De eigenheid van de aardrijkskunde blijkt onder meer uit het feit dat zij door haar onderwerp niet op de in de natuurwetenschap gebruikelijke, objectief afstandelijke wijze kan benaderd worden. Doet men dit toch, dan bekomt men een verzameling van onderdelen uit de natuurkunde, de meteorologie, de cartografie, de economie … Maar dan gaat men voorbij aan het ‘aardrijk’. Toch kan het niet de bedoeling zijn om de beoefening van de aardrijkskunde tot een subjectieve aangelegenheid te maken: dan gaat het wetenschappelijk karakter – dit wil zeggen het onverkorte waarheidsstreven – van de aardrijkskundige bedrijvigheid verloren. We moeten ons dus bezinnen over de problematiek die wordt meegebracht door de bijzondere aard van het onderwerp der aardrijkskundige wetenschap.

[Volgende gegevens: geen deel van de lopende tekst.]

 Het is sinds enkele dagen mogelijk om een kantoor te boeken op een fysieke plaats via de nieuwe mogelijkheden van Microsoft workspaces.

Voorbeeld: de regen als element van het aardrijk. Om de regen te verstaan, kunnen natuurkunde, fysica, chemie, meteorologie als hulpwetenschappen fungeren. Toch zullen deze hulpwetenschappen nooit het aardrijkskundig fenomeen ‘regen’ uitputtend kunnen vatten. De regen heeft betekenis voor de mens, en precies door deze betekenis voor de mens wordt het ‘vallend water’ tot het gegeven ‘regen’. Dit betekent niet dat we de menselijke subjectiviteit in de aardrijkskunde invoeren. Strikt genomen opereren de klassieke natuurwetenschappen met geïsoleerde objecten, zoals bv. een druppel. Het concept van ‘geïsoleerd object’ is echter een abstractie; in werkelijkheid is een object altijd gegeven binnen de context van een verschijnsel.* ‘Regen’ moet, vanuit aardrijkskundig standpunt, als een verschijnsel en niet als een object worden opgevat. In de aardrijkskunde maakt de mens onverbrekelijk deel uit van het verschijnsel (we brengen dit in verband met wat in de quantumfysica experimenteel werd aan getoond, onder meer door het experiment van Young met één foton, waar het apparaat een essentieel onderdeel uitmaakt van het fenomeen, zodat het foton niet als geïsoleerd object kan begrepen worden). Het ontwikkelen van de ‘aardrijkskundige geest’ vergt van de leraar een soort paradigma shift, waarbij hij fenomenen gaat opvatten als onherleidbare elementen van de werkelijkheid, die niet uitputtend kunnen beschreven worden als klassieke interacties tussen ontologisch autonome objecten.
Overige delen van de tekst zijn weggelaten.